▶ **Your task**:
Retype exactly what appears below from the line containing "Een standaardrol behang" down to the line containing "SHELF OF ASSORTED WINCHES & MISC", keeping both end lines. Do not include pictures.

▶ **Material shown**:

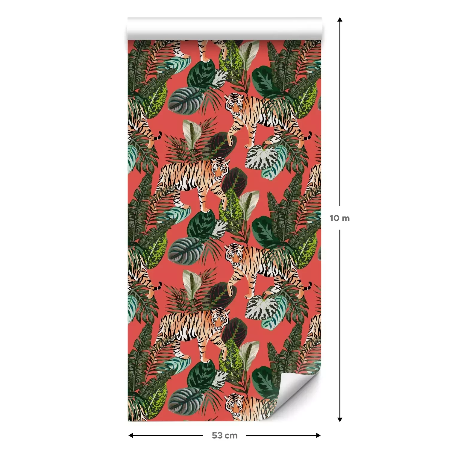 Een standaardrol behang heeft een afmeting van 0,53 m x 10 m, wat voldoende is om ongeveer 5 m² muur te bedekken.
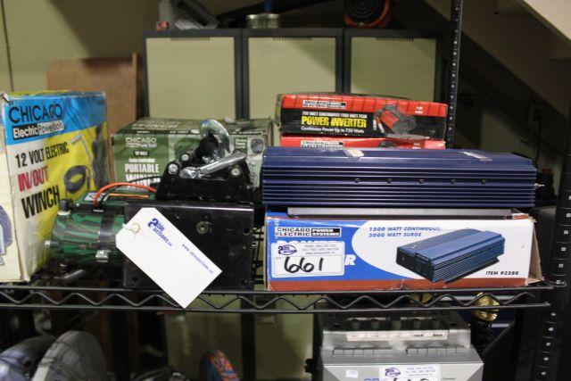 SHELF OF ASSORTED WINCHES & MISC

---

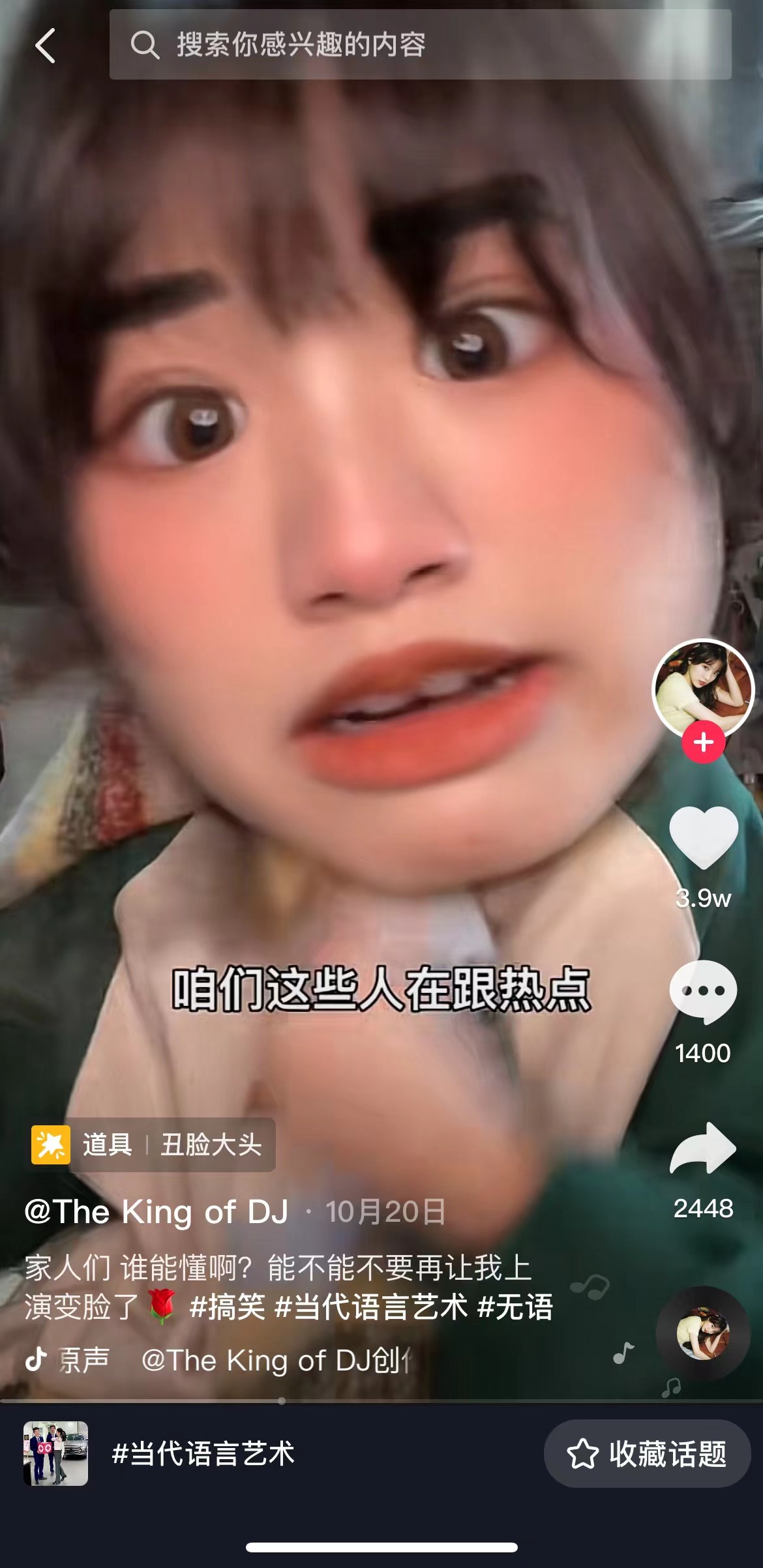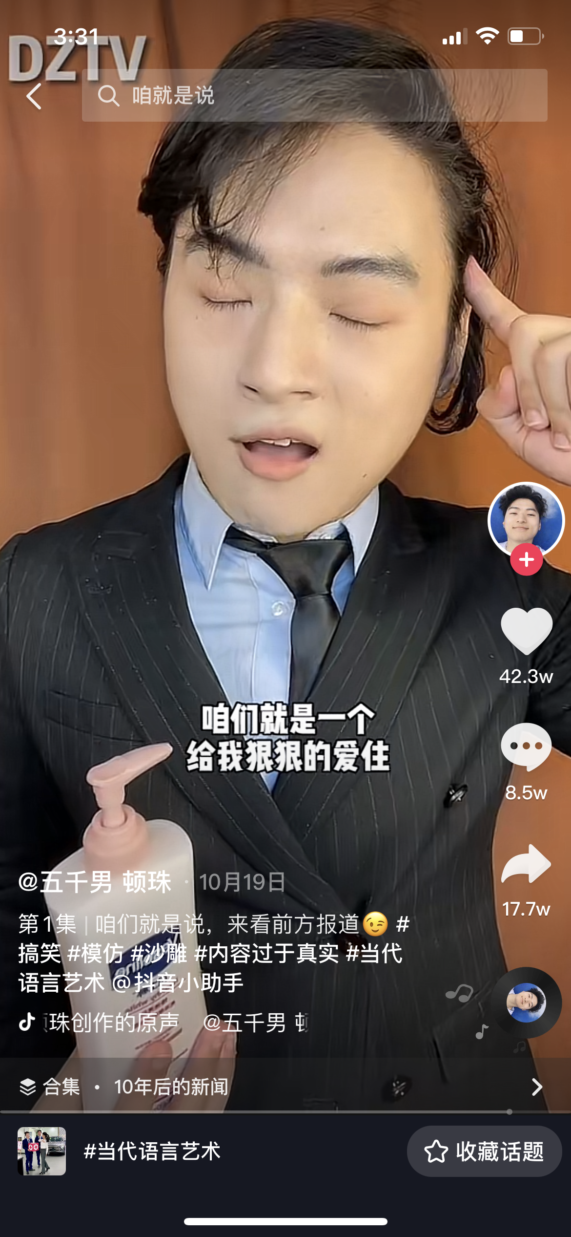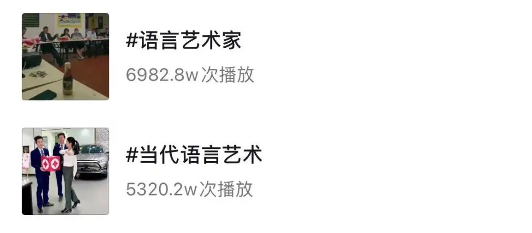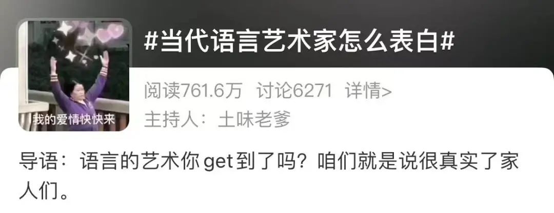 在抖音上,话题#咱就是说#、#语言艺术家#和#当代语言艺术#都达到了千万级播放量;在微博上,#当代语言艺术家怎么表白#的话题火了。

==

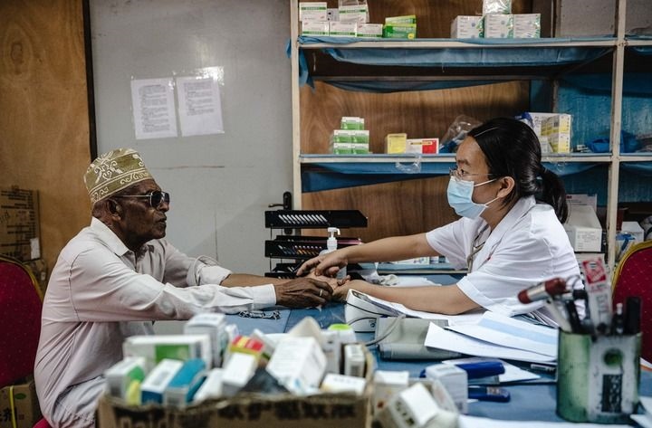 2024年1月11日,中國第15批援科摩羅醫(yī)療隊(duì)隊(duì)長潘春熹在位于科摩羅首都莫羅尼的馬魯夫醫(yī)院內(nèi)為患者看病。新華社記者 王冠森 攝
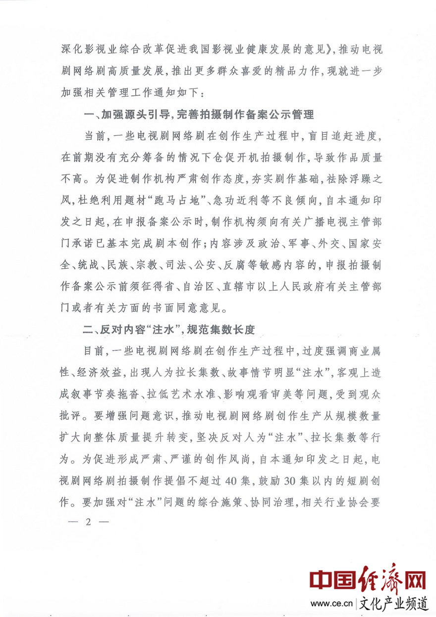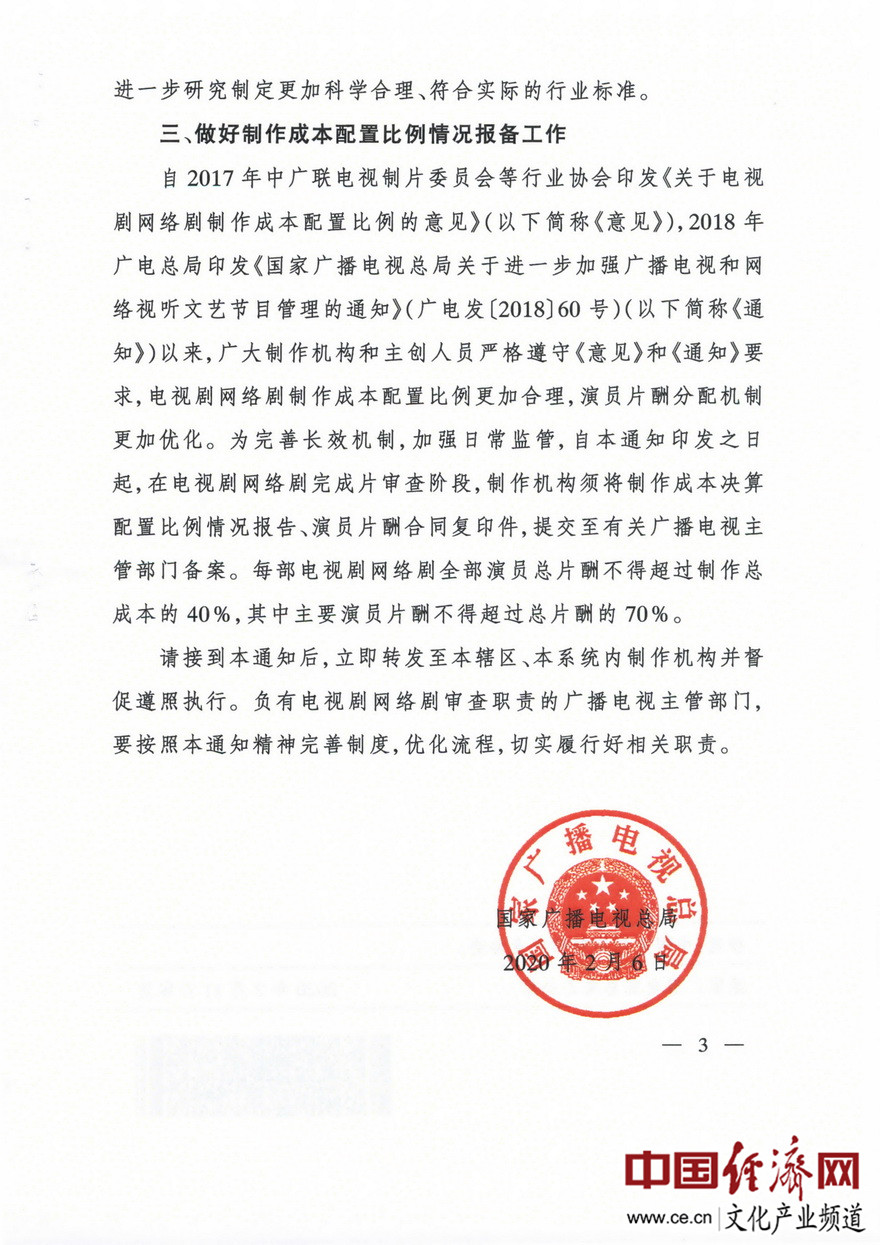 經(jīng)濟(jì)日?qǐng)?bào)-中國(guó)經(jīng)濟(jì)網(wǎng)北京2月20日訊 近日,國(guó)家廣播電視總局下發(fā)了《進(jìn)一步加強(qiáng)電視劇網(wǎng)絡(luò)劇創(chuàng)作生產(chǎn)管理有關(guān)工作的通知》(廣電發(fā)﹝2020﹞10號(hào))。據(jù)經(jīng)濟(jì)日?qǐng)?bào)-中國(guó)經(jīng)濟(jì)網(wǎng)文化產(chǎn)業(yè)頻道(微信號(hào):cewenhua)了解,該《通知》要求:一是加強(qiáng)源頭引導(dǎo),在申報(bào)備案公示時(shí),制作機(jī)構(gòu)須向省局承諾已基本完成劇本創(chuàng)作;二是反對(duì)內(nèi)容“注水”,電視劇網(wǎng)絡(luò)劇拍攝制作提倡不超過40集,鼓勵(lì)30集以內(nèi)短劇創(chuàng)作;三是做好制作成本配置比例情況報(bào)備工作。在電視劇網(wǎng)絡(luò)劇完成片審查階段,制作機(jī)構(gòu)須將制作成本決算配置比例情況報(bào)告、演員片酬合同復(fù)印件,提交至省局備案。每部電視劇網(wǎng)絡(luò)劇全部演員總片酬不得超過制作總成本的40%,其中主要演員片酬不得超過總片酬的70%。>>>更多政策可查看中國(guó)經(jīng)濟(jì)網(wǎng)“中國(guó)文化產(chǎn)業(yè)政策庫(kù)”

▶ **Answer section**:
 Een standaardrol behang heeft een afmeting van 0,53 m x 10 m, wat voldoende is om ongeveer 5 m² muur te bedekken.
 SHELF OF ASSORTED WINCHES & MISC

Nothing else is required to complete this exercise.